Unless otherwise determined by STRABAG UK and/or Van Elle or required by the
Takeover Code, and permitted by applicable law and regulation, the Acquisition
will not be made available, in whole or in part, directly or indirectly in,
into, or from a Restricted Jurisdiction where to do so would constitute a
violation of the relevant laws or regulations of such jurisdiction and no
person may vote in favour of the Acquisition by the use of any means or
instrumentality, from within a Restricted Jurisdiction or any other
jurisdiction if to do so would constitute a violation of the laws of that
jurisdiction. Accordingly, copies of this announcement and any formal
documentation relating to the Scheme and the Acquisition are not being, and
must not be, directly or indirectly, mailed or otherwise forwarded,
distributed or sent in or into or from any Restricted Jurisdiction and persons
receiving such documents (including, without limitation, custodians, nominees
and trustees) must not mail or otherwise forward, distribute or send them in
or into or from any Restricted Jurisdiction. Doing so may render invalid any
related purported vote in respect of the Acquisition. If the Acquisition is
implemented by way of an Offer (unless otherwise permitted by applicable law
and regulation), the Offer may not be made, directly or indirectly, in or
into, or by the use of mails or any means or instrumentality (including, but
not limited to, facsimile, e-mail or other electronic transmission, telex or
telephone) of interstate or foreign commerce of, or of any facility of a
national, state or other securities exchange of, any Restricted Jurisdiction
and the Offer may not be capable of acceptance by any such use, means,
instrumentality or facilities.

Persons who are not resident in the United Kingdom should inform themselves
of, and observe, any applicable legal or regulatory requirements. Van Elle
Shareholders who are in any doubt about such matters should consult an
appropriate independent professional adviser in the relevant jurisdiction
without delay.

Further details in relation to Overseas Shareholders will be included in the
Scheme Document.

Additional information for US investors

The Acquisition relates to the shares of an English company with a listing on
the London Stock Exchange and is being made by means of a scheme of
arrangement provided for under English company law. An acquisition effected by
means of a scheme of arrangement is not subject to the tender offer rules or
the proxy solicitation rules under the U.S. Securities Exchange Act of 1934
(the "U.S. Exchange Act"). Accordingly, the Acquisition is subject to the
disclosure requirements and practices applicable in the UK to schemes of
arrangement which differ from the disclosure requirements of the U.S. tender
offer and proxy solicitation rules. Neither the United States Securities and
Exchange Commission, nor any securities commission of any state of the United
States, has approved or disapproved any offer, or passed comment upon the
adequacy or completeness of any of the information included in this
announcement. The financial information included in this announcement and the
Scheme Document (or, if the Acquisition is implemented by way of an Offer, the
Offer Document) has been prepared in accordance with generally accepted
accounting principles of the United Kingdom and thus may not be comparable to
financial information of US companies or companies whose financial statements
are prepared in accordance with generally accepted accounting principles in
the United States.

If, in the future, STRABAG UK exercises its right, with the consent of the
Panel (where necessary), to implement the Acquisition by way of an Offer,
which is to be made into the United States, such Offer will be made in
compliance with the applicable US laws and regulations.

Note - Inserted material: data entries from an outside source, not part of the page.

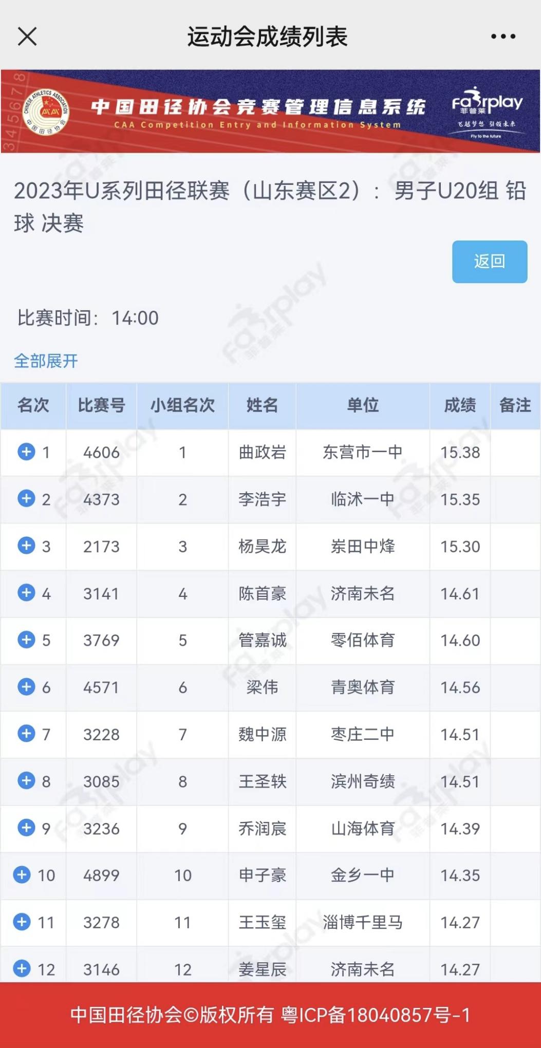 在11月7—9号的山东省U系列田径比赛中,我校田径队曲政岩获得男子铅球第一名,该成绩打破了市纪录和校记录。白同禹获得男子跳高第二名。两项成绩和名次再次打破我校该项在省中学生比赛中的最好记录。
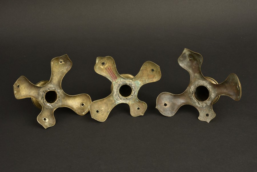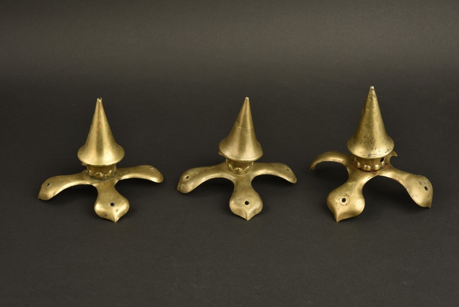 Ensemble de 3 pointes de casque modèle 18603 pointes avec Perlring sur embases en croix. Plus de photos sur WWW.AIOLFI.COM, more photos on WWW.AIOLFI.COM.
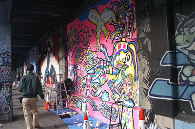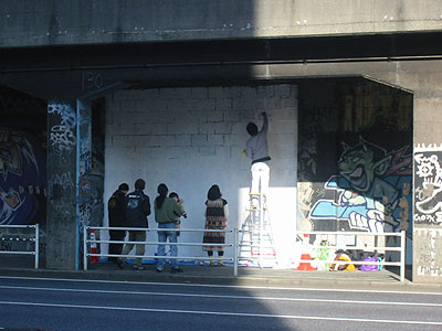 元々グラフィティで有名なこの高架下。合法的に絵が描けるように解放しようという企画のようで、申し込みが多い場合抽選との事。グループとさらに個人でも申し込んでいたにも関わらず、仲間内で抽選に当たったのは移動マッサージ1人。やはり今、波に乗っている彼には運も味方しているようだ。
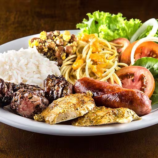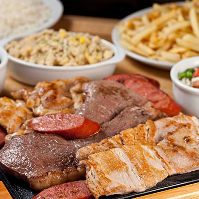Carne bovina suculenta, carne suína macia, frango desmanchando, linguiça toscana fritinha. Acompanha feijão tropeiro bem temperado, arroz branco soltinho, farofa crocante e vinagrete fresco.

It may be difficult for US holders of Van Elle Shares to enforce their rights
and any claim arising out of the US federal laws in connection with the
Acquisition, since STRABAG UK and Van Elle are located in a non-US
jurisdiction, and some or all of their officers and directors may be residents
of a non-US jurisdiction. US holders of Van Elle Shares may not be able to sue
a non-US company or its officers or directors in a non-US court for violations
of the US securities laws. Further, it may be difficult to compel a non-US
company and its affiliates to subject themselves to a US court's jurisdiction
or judgement.

In accordance with normal UK practice and pursuant to Rule 14e-5(b) of the
U.S. Exchange Act, STRABAG UK, its nominees, or their brokers (acting as
agents), may from time to time make certain purchases of, or arrangements to
purchase, Van Elle Shares outside of the US, other than pursuant to the
Acquisition, until the date on which the Acquisition becomes Effective, lapses
or is otherwise withdrawn. These purchases may occur either in the open market
at prevailing prices or in private transactions at negotiated prices and
comply with applicable law, including the U.S. Exchange Act. Any information
about such purchases will be disclosed as required in the UK, will be reported
to the Regulatory News Service of the London Stock Exchange and will be
available on the London Stock Exchange website at www.londonstockexchange.com.

US Van Elle Shareholders should be aware that the Acquisition contemplated
herein may have tax consequences in the US and, that such consequences, if
any, are not described herein. US Van Elle Shareholders are urged to consult
with legal, tax and financial advisers in connection with making a decision
regarding this Acquisition.

Dealing and Opening Position Disclosure requirements

Under Rule 8.3(a) of the Takeover Code, any person who is interested in one
(1) per cent. or more of any class of relevant securities of an offeree
company or of any securities exchange offeror (being any offeror other than an
offeror in respect of which it has been announced that its offer is, or is
likely to be, solely in cash) must make an Opening Position Disclosure
following the commencement of the Offer Period and, if later, following the
announcement in which any securities exchange offeror is first identified.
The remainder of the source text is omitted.